Comparison Between Theil-Sen Regressor and Simple Linear Regression

Theil-Sen Regression

Objectives: To show Theil-Sen Regression is more robust against outliers compared to Simple Linear Regression

#import models and plotting tools
from sklearn.linear_model import TheilSenRegressor, LinearRegression
from sklearn.model_selection import cross_val_score, train_test_split
from sklearn.metrics import r2_score

import pandas as pd
import numpy as np
import matplotlib.pyplot as plt
import seaborn as sns

from IPython.core.display import HTML
np.random.seed(42)

Create a dataset with X as the number of coin flips and y as the number of heads from the coin flips.

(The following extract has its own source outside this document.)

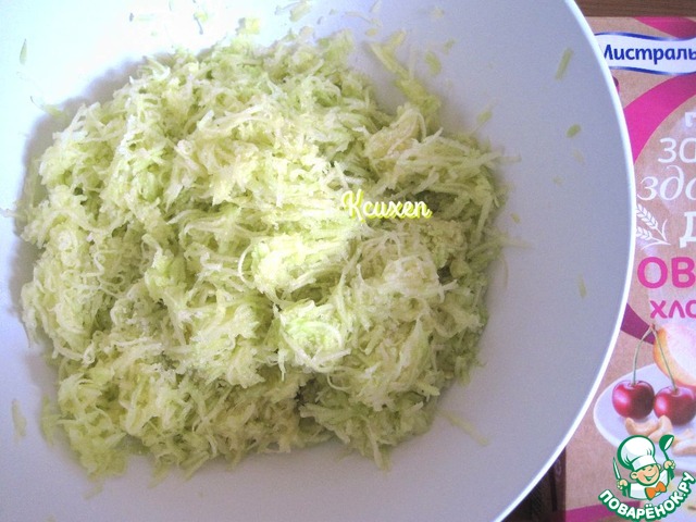 Очищенные кабачки натираем на мелкой тёрке, добавляем щепотку соли. Всё перемешиваем и оставляем на 5-10 минут. Далее кабачки отжимаем через сито.

Then, add 5 outliers of 100% heads and 100% tails into the data.

# Create a dataset
def coin():
    return np.random.choice(['Heads', 'Tails'])

X = list(range(1,101))

df = pd.DataFrame({
    'X' : list(range(1,101)),
    'y' : [sum([1 if coin() == 'Heads' else 0 for _ in range(i)]) for i in X]
})

# df.head()

#Add outliers to the dataframe
df_outliers = pd.DataFrame({
    'X' : [ 50, 30, 40, 35, 45, 80, 90, 100, 100, 60, 70],
    'y' : [ 100, 70, 80, 20, 5, 80, 95, 10, 120, 6, 8]
})

df = pd.concat((df,df_outliers))
df.info()

<class 'pandas.core.frame.DataFrame'>
Int64Index: 111 entries, 0 to 10
Data columns (total 2 columns):
X    111 non-null int64
y    111 non-null int64
dtypes: int64(2)
memory usage: 2.6 KB

Plot the dataset to see the outliers.

sns.lmplot('X', 'y', data=df);

png

Here, I did a train test split by splitting the data into 50/50.

# Do a Train-test-split
X = df[['X']]
y = df['y']

X_train, X_test, y_train, y_test = train_test_split(X, y, train_size=0.5, random_state=42)

Instantiate the linear regression model and train it with X_train and y_train from the train test split.

Then, score the model with X_train, X_test and do a cross validation of 5 folds from the original data to find the R2 scores.

# Create linear model
linear_model = LinearRegression()

linear_model.fit(X_train, y_train)
print(linear_model.score(X_train, y_train))
print(linear_model.score(X_test, y_test))
cross_val_score(linear_model, X, y, cv=5).mean()

0.3788042856591475
0.7084611406650192





-0.28135931886744714

Instantiate the TheilSen regresson and train it with X_train and y_train from the train test split.

Then, score the model with X_train, X_test and do a cross validation of 5 folds from the original data to find the R2 scores.

# Create Theilsen model
theilsen_model = TheilSenRegressor()

theilsen_model.fit(X_train, y_train)
print(theilsen_model.score(X_train, y_train))
print(theilsen_model.score(X_test, y_test))
cross_val_score(theilsen_model, X, y, cv=5).mean()
# theilsen_model.intercept_

0.3525989639206396
0.8499956799863967





0.2970249639222725

Plot the prediction from each model with X_train to have a better understanding of what happened.

yhat_train_linear = linear_model.predict(X_train)
yhat_train_theilsen = theilsen_model.predict(X_train)

plt.figure(figsize=(10,5))
plt.xlabel('Number of coins flipped')
plt.ylabel('Number of heads')
plt.plot(X_train, yhat_train_linear, color='r', label='Linear Model')
plt.plot(X_train, yhat_train_theilsen, color='b', label='TheilSen Model')
plt.legend()
plt.scatter(X_train, y_train);

png

Plot the prediction from each model with X_test

yhat_test_linear = linear_model.predict(X_test)
yhat_test_theilsen = theilsen_model.predict(X_test)

plt.figure(figsize=(10,5))
plt.xlabel('Number of coins flipped')
plt.ylabel('Number of heads')
plt.plot(X_test, yhat_test_linear, color='r', label='Linear Model')
plt.plot(X_test, yhat_test_theilsen, color='b', label='TheilSen Model')
plt.legend()
plt.scatter(X_test, y_test);

png

We can see that even though linear regression scores well with the X_train, it doesn't do well with X_test and the cross validation.

From the graph, we can see that TheilSen model ignores the outliers and tends to fit the majority of the y values whereas the linear model shifts upwards/downwards due to outliers.

Additional notes from research:

Theil-Sen Regressor has a breakdown point of about 29.3% in case of a simple linear regression which means that it can tolerate arbitrary corrupted data (outliers) of up to 29.3% in the two-dimensional case.
The slope/coefficient is the median of all slopes between paired values.